__AIM OF THE TASK__.
Once you reach the line with "- EG: Kochen, Speisen, Wohnen, Schlafen, saniertes" below, copy each line exactly, stopping after the line with "Rooms at Grosvenor", and skip any pictures.

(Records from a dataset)
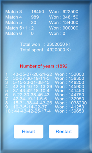 The app will simulate lotto drawings all the way until you have 6 matches, and in the meantime show you how much your numbers will give you. That way you can see the good numbers, and the bad numbers.
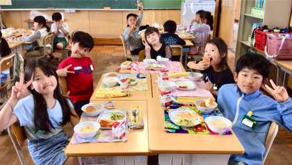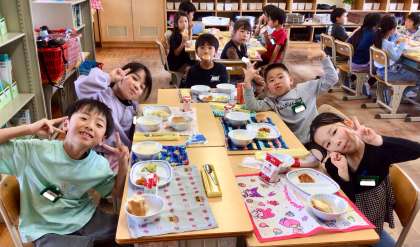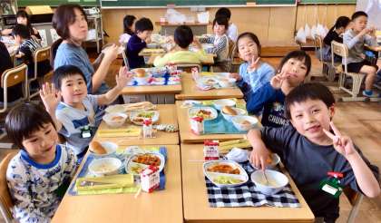 5月8日(木)の梅坪小(6)2年生の会食風景
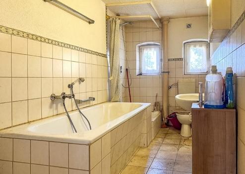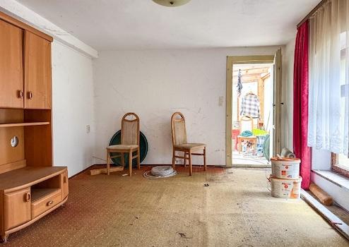 - EG: Kochen, Speisen, Wohnen, Schlafen, saniertes Bad mit Dusche/WC/Fenster/Gastherme, unsaniertes Bad mit Wanne/WC/Fenster, Wintergarten, Terrasse
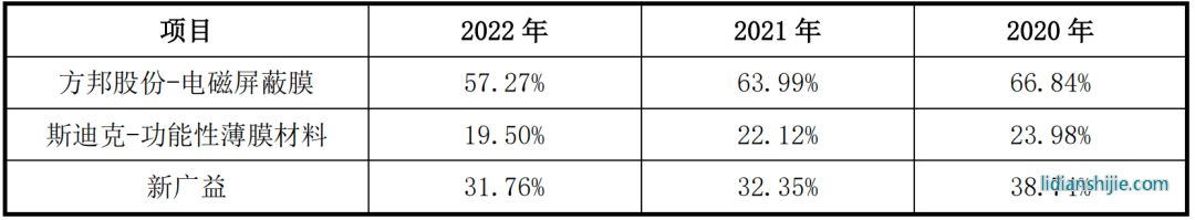 報告期內,新廣益抗溢膠特種膜的毛利率分別為 33.09%、 28.51%、28.65%;強耐受性特種膜的毛利率分別為 50.84%、 41.67%、39.73%。與同行業上市公司之間存在一定差異,但產品方面同樣具有較大差異。
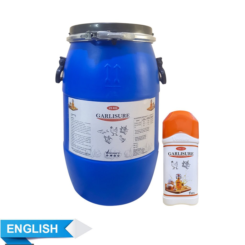 Garlisure works by inhibiting glycoprotein and cysteine protease enzyme, also by enhancing the immunity of animals including excellent antioxidant properties. Allicin- A key phyto-active sulphur containing compound found in garlic consisting immune-boosting,antimicrobial, antioxidant, and performance-enhancing properties.
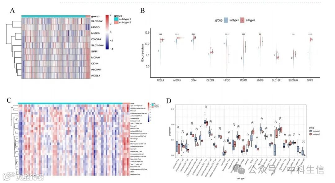 (A,B)热图(A)和分裂小提琴图(B)揭示了亚型之间10种sBM-DEGs的表达。(C)热图显示亚型之间不同的浸润免疫细胞丰度。(D)显示亚型之间免疫细胞差异的箱形图。
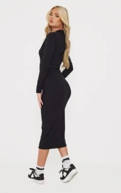 Maternité Robe De Grossesse Mi-longue Noire Crêpée Côtelée à Col Polo
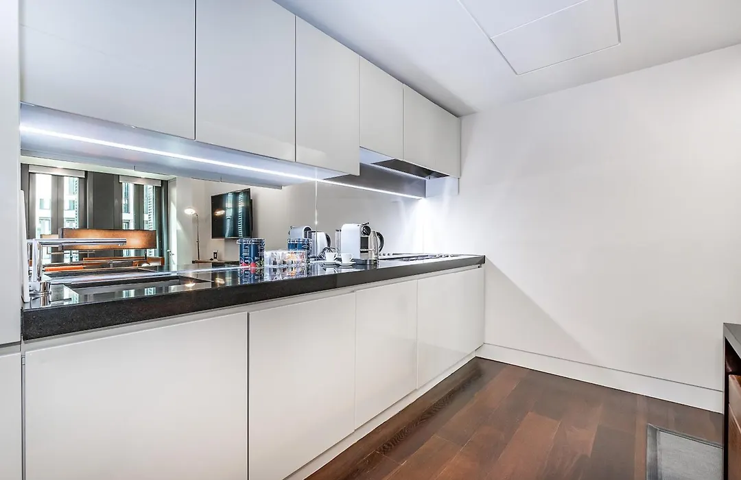 Rooms at Grosvenor House Suites include 130 units ranging from studios to five-bedroom apartments, all featuring chic designs, king-size beds, and high-end amenities like Nespresso machines and digital flat-screen TVs. Bathrooms are equipped with deep soaking tubs and separate rain showers.
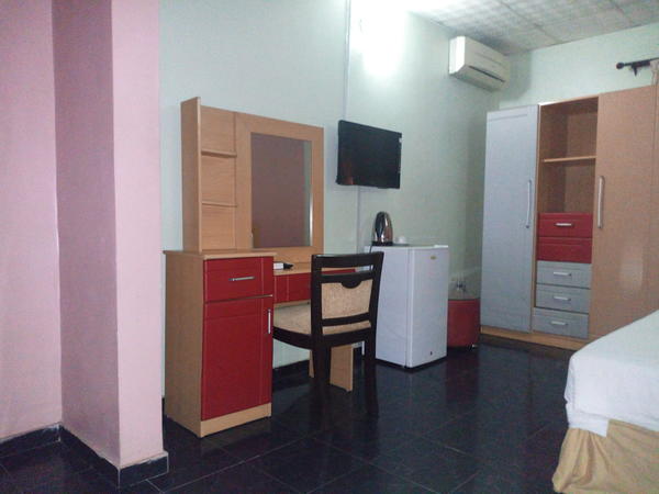 Chamcce Hotel is a budget hotel situated in Ajao Estate, Oshodi Isolo. The hotel boasts a restaurant and a bar. Chamcce Hotel's spacious accommodation units feature rooms varying from deluxe suites to executive suites with the latest modern furnishings. Each unit is equipped with amenities such as flatscreen TVs, minibars, wardrobes and air conditioning. The rooms have en suite bathrooms with jacuzzi tubs.Airport pickup, car-hire and babysitting services are available for guests upon request. Onsite parking is available and the premises are guarded by security personnel
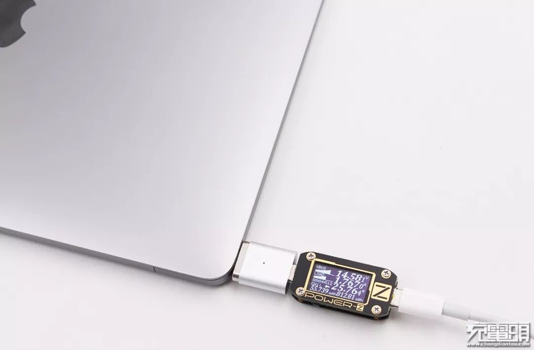 为了验证这款磁吸线对充电速度到底有无影响,小编找来了两台苹果笔记本电脑。分别使用苹果三款原装充电器、充电线对其充电,在设备拥有相近的电量时,对比使用磁吸连接器和未使用磁吸连接器的充电情况(注:设备在充电过程中,电压电流处于不断波动状态,以上数据为均值)。

__TASK OUTPUT__.
 - EG: Kochen, Speisen, Wohnen, Schlafen, saniertes Bad mit Dusche/WC/Fenster/Gastherme, unsaniertes Bad mit Wanne/WC/Fenster, Wintergarten, Terrasse
 報告期內,新廣益抗溢膠特種膜的毛利率分別為 33.09%、 28.51%、28.65%;強耐受性特種膜的毛利率分別為 50.84%、 41.67%、39.73%。與同行業上市公司之間存在一定差異,但產品方面同樣具有較大差異。
 Garlisure works by inhibiting glycoprotein and cysteine protease enzyme, also by enhancing the immunity of animals including excellent antioxidant properties. Allicin- A key phyto-active sulphur containing compound found in garlic consisting immune-boosting,antimicrobial, antioxidant, and performance-enhancing properties.
 (A,B)热图(A)和分裂小提琴图(B)揭示了亚型之间10种sBM-DEGs的表达。(C)热图显示亚型之间不同的浸润免疫细胞丰度。(D)显示亚型之间免疫细胞差异的箱形图。
 Maternité Robe De Grossesse Mi-longue Noire Crêpée Côtelée à Col Polo
 Rooms at Grosvenor House Suites include 130 units ranging from studios to five-bedroom apartments, all featuring chic designs, king-size beds, and high-end amenities like Nespresso machines and digital flat-screen TVs. Bathrooms are equipped with deep soaking tubs and separate rain showers.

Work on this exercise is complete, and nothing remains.